In an earlier court filing, CIA Director Michael Hayden invoked the "state secrets privilege," which would let him bar evidence sensitive to national security from being used in court.
The judge appeared sympathetic to Hayden's position Tuesday, but declined to rule immediately. Ware said he would issue a written opinion soon.
ACLU lawyers argued Tuesday that Hayden's security concerns are trumped because the rendition program is public knowledge.
"No interrogation method alleged ... is a secret," ACLU attorney Ben Wizner said. "Every one of those has been publicly disclosed and confirmed and in the public record."
http://ap.google.com/article/ALeqM5jEcpAO94pyE2bkHoA5RqWepOycdwD8UKGNM80
Wizner pointed out the Hayden even discussed "waterboarding" Tuesday in testimony before Congress.
President Bush also has confirmed the existence of the rendition program.

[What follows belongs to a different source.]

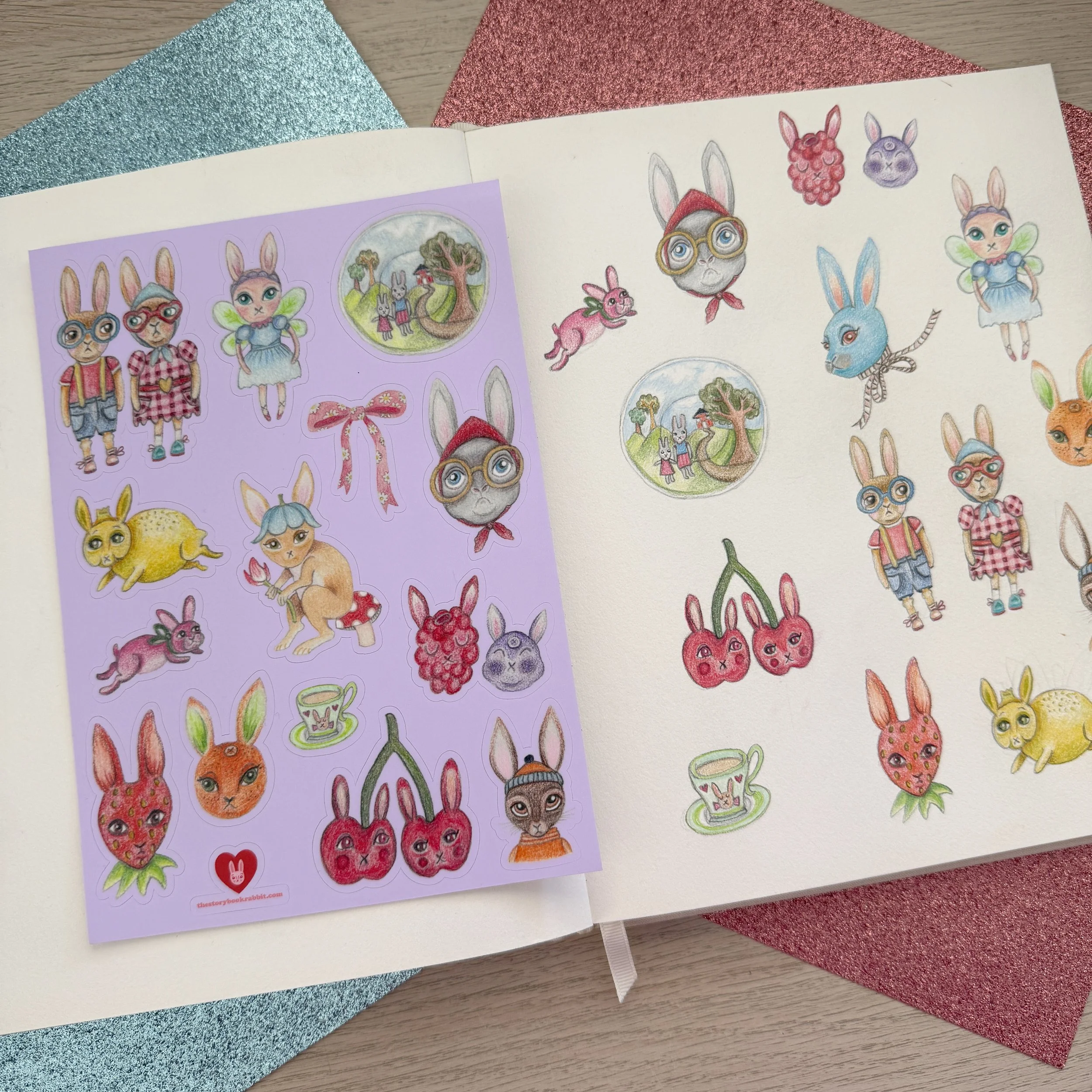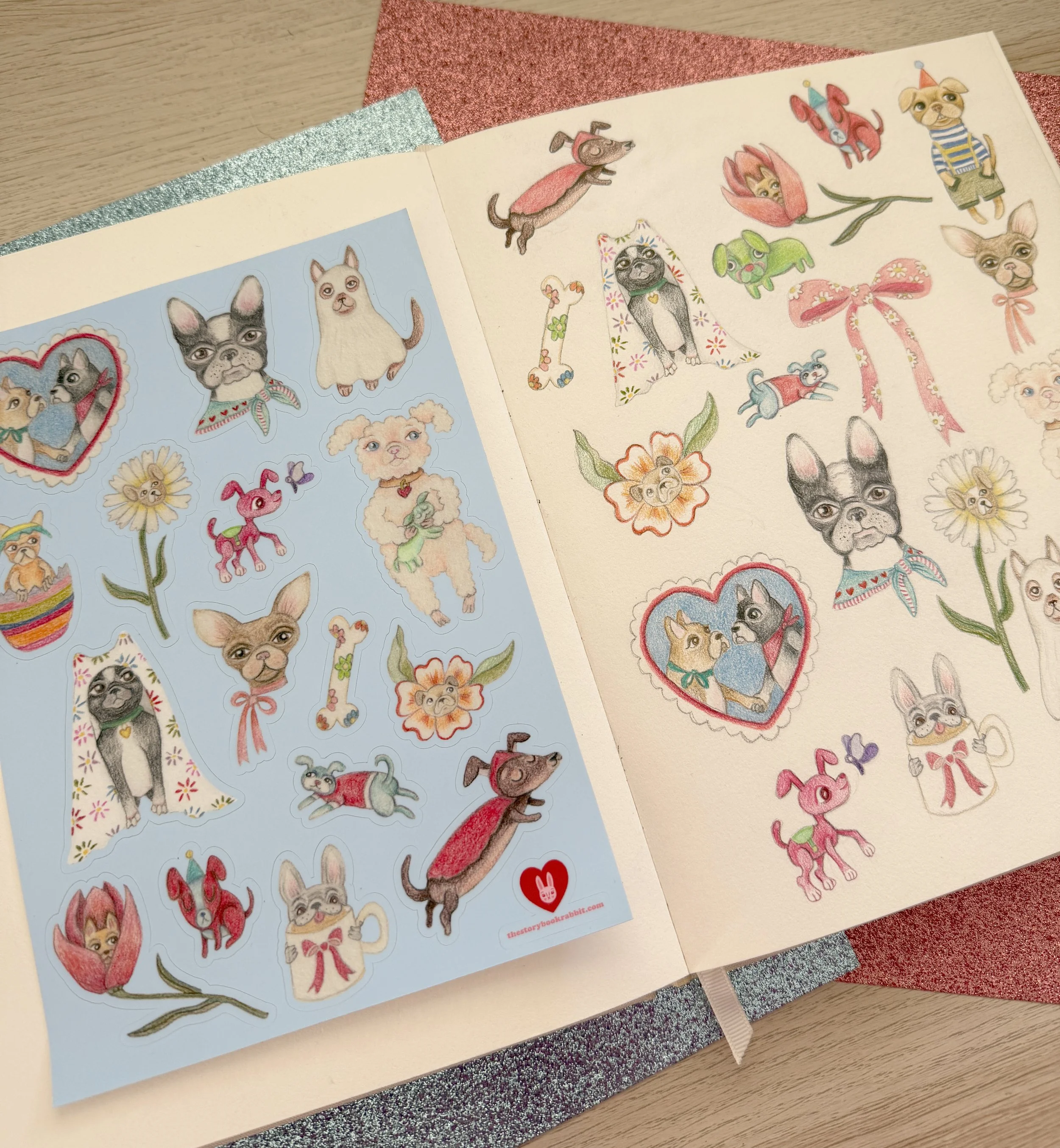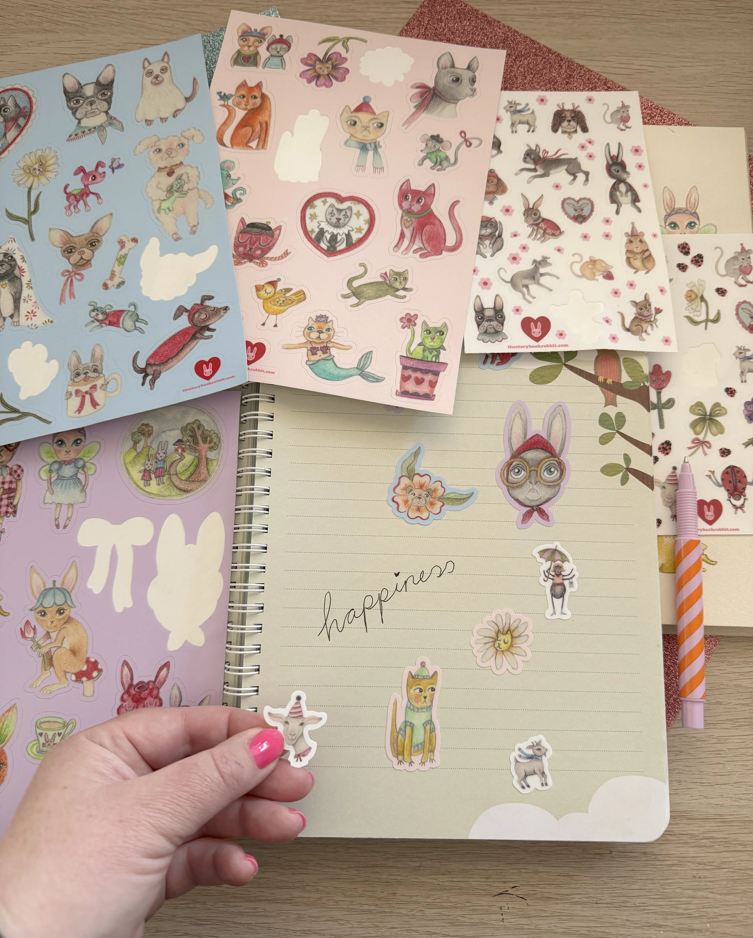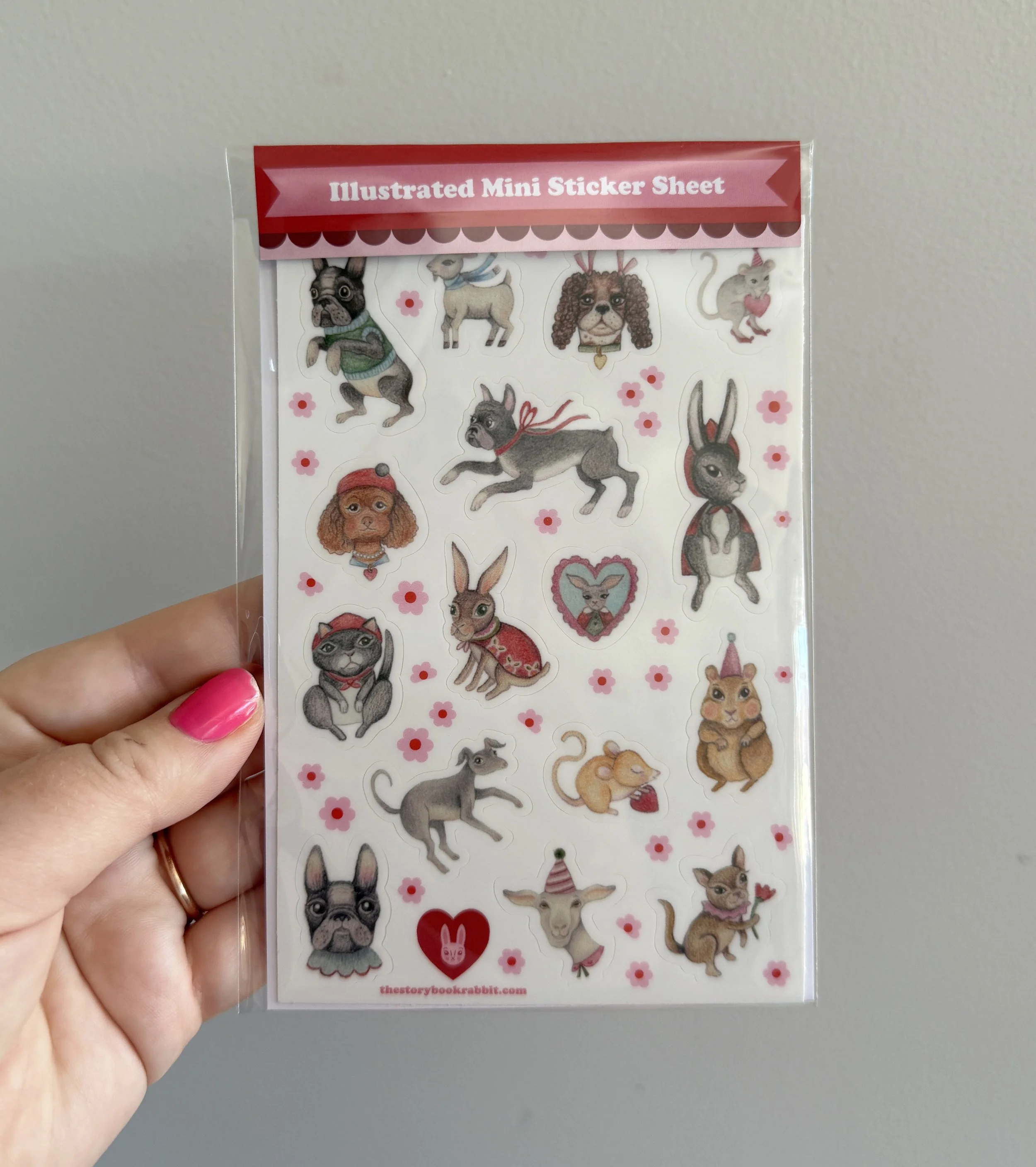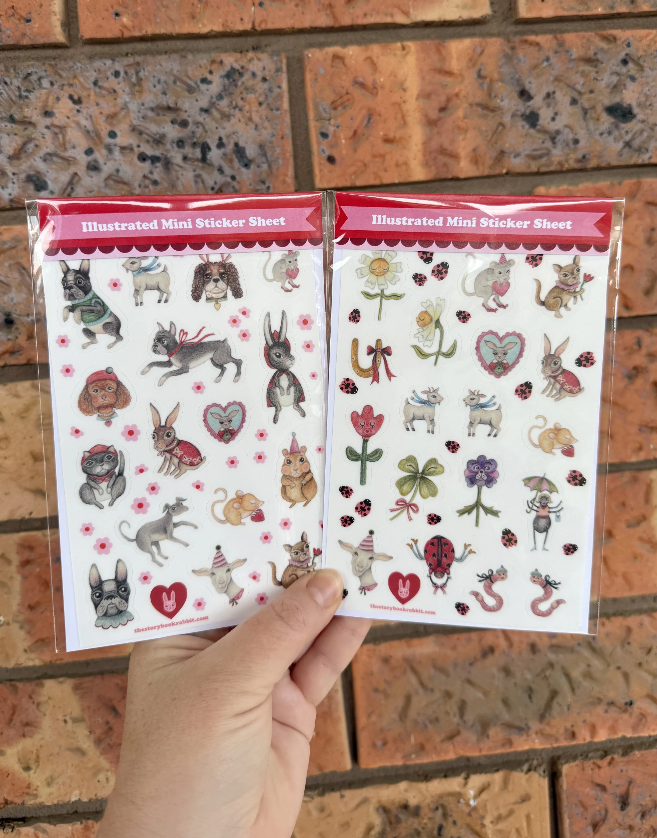 The Storybook Rabbit Illustrated Mini Sticker Sheet - Petite Pets $12.00 The Storybook Rabbit Illustrated Mini Sticker Sheet - Lucky Little Garden Friends $12.00 The Storybook Rabbit Illustrated Large Sticker Sheet - Dogs $17.00 The Storybook Rabbit Illustrated Large Sticker Sheet - Kitties and Friends $17.00 The Storybook Rabbit Illustrated Large Sticker Sheet - Bunnies $17.00 All Three The Storybook Rabbit Illustrated Large Sticker Sheet - Cats, Dogs, Bunnies $45.00 Both The Storybook Rabbit Illustrated Mini Sticker Sheet - Garden Friends and Petite Pets $20.00 The Storybook Rabbit Illustrated Stickers - Pretty Kitties from $5.00 The Storybook Rabbit Illustrated Stickers - A Few Of My Favourite Animals from $5.00 The Storybook Rabbit Illustrated Stickers -florals and buildings from $5.00 The Storybook Rabbit Illustrated Stickers - Shy Bunnies from $5.00
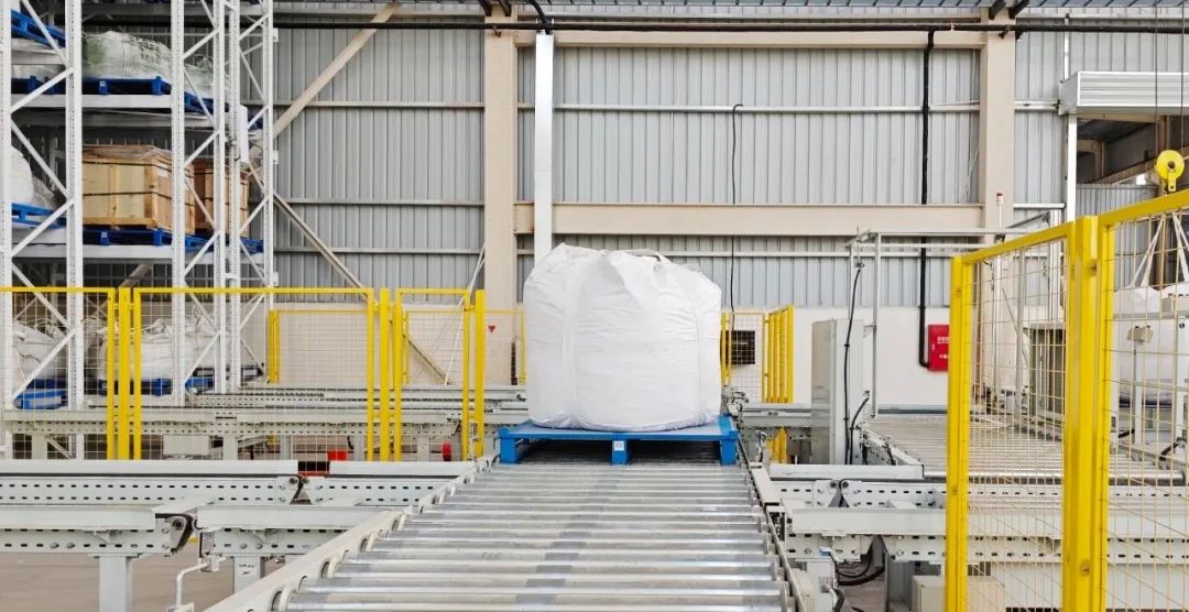 鉴于客户物料采用的是耐火材料独特的吨袋包装形式,宇锋智能为此设计母托不离库形式,拆盘机位于一楼入库处,原料入库时由系统调出托盘组并自动拆盘供入库货物使用。在入库区域设置拆码盘机,配完料产生的空盘在此码垛,码垛完成后由堆垛机自动存入立库。

"Many specifics of this program, including where these detainees have been held and the details of their confinement cannot be divulged," Bush said in a September 2006 speech defending the rendition program as a vital national security tool. "Doing so would provide our enemies with information they could use to take retribution against our allies and harm our country."
On Tuesday, Assistant U.S. Attorney Michael Abate said Bush and other high-ranking officials have discussed the program only in broad terms and that "this did not declassify any of the specifics."
For instance, Abate argued that the government has neither confirmed nor denied that any of the five men represented by the ACLU were ever in CIA custody. To do so would jeopardize the agency's intelligence gathering abilities, Abate argued.
Outside court, the ACLU's lawyer said the CIA's opposition to the lawsuit was the agency's latest attempt to avoid having a court rule on the legality of its rendition program.
"No court has ever ruled on the legality of the government's torture program," Wizner said.